The suspect, whose name was withheld by the court, was convicted in a high criminal court and sentenced to prison on February 7, 2020. Spain wanted the person on terrorism charges and informed Turkey of his role as deputy to an ISIS emir. Turkish police also submitted documentation that amounted to criminal evidence against the suspect.
The conviction was upheld by a regional appeals court. However, Turkey’s Supreme Court of Appeals (Yargıtay) on October 5, 2021 overturned the conviction and asked Turkish authorities to seek more information from Spain under the 1959 European Convention on Mutual Assistance in Criminal Matters.
The 1959 convention entered into force in 1963 and has thus far been ratified by 50 states including three non-European nations. The agreement was upgraded in 1978 with the Additional Protocol to the European Convention on Mutual Assistance in Criminal Matters and later with the Second Additional Protocol to the European Convention on Mutual Assistance in Criminal Matters in 2001.
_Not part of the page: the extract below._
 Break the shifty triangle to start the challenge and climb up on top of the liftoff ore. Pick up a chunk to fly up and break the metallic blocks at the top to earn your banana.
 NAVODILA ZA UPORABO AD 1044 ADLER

The appeals court ruling was rendered by the 3rd Chamber, which oversees the terrorism convictions and is staffed by judges loyal to the Islamist government of President Recep Tayyip Erdoğan. The chamber is led by Judge Muhsin Şentürk, who is known to be close to the government and supportive of convictions when it comes to reviewing cases of critics, opponents and dissidents who were convicted on false charges of terrorism in Turkey.
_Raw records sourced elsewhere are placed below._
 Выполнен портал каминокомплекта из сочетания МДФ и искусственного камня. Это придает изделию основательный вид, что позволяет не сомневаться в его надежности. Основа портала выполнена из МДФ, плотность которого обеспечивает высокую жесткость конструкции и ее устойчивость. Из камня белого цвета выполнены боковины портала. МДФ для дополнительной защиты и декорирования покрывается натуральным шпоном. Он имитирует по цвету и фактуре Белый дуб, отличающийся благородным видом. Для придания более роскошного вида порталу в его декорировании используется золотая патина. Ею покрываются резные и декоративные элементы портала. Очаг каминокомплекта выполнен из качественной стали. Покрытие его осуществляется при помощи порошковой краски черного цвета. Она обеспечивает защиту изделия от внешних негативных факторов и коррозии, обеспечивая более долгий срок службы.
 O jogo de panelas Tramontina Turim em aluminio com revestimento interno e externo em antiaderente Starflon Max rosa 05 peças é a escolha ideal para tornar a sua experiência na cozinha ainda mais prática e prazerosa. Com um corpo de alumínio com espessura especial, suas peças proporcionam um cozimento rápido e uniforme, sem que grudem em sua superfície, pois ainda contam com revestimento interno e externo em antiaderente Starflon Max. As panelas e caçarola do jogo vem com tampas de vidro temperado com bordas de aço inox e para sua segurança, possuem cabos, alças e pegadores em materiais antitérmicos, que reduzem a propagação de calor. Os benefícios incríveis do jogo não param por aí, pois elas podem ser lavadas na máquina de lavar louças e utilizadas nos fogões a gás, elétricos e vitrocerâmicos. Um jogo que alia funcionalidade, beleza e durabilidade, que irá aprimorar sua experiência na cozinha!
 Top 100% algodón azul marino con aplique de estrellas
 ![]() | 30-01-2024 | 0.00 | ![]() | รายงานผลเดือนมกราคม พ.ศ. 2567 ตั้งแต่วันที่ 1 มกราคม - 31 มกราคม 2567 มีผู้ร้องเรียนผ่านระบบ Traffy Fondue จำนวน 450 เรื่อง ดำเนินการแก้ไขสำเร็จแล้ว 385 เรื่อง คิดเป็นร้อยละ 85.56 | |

Supreme Court of Appeals ruling that threw out the conviction of the ISIS suspect:
Yargitay_spain_ISIS_conviction
This ISIS case represents yet another example of how the bulk of successful ISIS convictions, already rare in the lower courts, have been thrown out by senior judges who appear to follow the lenient guidelines of the Erdoğan government when it comes to cracking down on jihadist groups.
The political pressure on judges and prosecutors who were asked to go easy on jihadists began in 2014, when the Erdoğan government started removing judges, prosecutors and police chiefs who were investigating radical groups in Turkey. The dismissed officials were accused of links to the Gülen movement, led by Turkish Muslim cleric Fethullah Gülen, who has been an outspoken critic of the Erdoğan regime due to pervasive corruption and Turkey’s aiding and abetting of jihadist groups in Syria and Libya.
More than 130,000 civil servants have been dismissed by the government with no effective judicial or administrative investigation, 4,560 of whom were judges and prosecutors and were replaced by pro-Erdoğan, Islamist and neo-nationalist staff. As a result of the massive purge, the Turkish judiciary and law enforcement authorities have become tools in the hands of the Islamist government of President Erdoğan and his allies.
Thousands of militants, both Turkish and foreign, have used Turkish territory to cross into Syria with the help of smugglers in order to fight alongside ISIS groups there. Turkish intelligence agency MIT (Milli İstihbarat Teşkilatı) has facilitated their travel, with Kilis, a border province in Turkey’s Southeast, one of the main crossing points into ISIS-held territory. Human smugglers were known to have been active in the border area, although Turkish authorities often overlooked their trips in and out of Syria.
There have been some cases, however, in which ISIS suspects were detained and indicted on terrorism charges. But very few resulted in convictions in the lower courts. The decision of Turkey’s Supreme Court of Appeals to overturn rare cases of conviction of suspects on ISIS terror charges sets an important precedent in Turkey’s criminal justice system. The ruling will effectively render to zero the chances of convicting an ISIS member on terrorism charges in the lower courts.
Turkish officials do not disclose the number of successful convictions in ISIS cases and decline to respond to parliamentary questions asking for such information. Instead, they often float figures on the number of detentions and arrests, which in many cases result in release and acquittal.
Erdoğan announced on October 10, 2019 that there were around 5,500 ISIS terrorists in Turkish prisons, of which half were foreign nationals. Yet, on October 25, 2019 Justice Minister Abdülhamit Gül stated at a press conference that there were 1,163 ISIS arrestees and convicts in prison.
Responding to a parliamentary question on July 21, 2020, Gül said 1,195 ISIS members were in prisons either as convicts or suspects in pretrial detention. Of these, 791 were foreign nationals, he added. He declined to say how many had actually been convicted.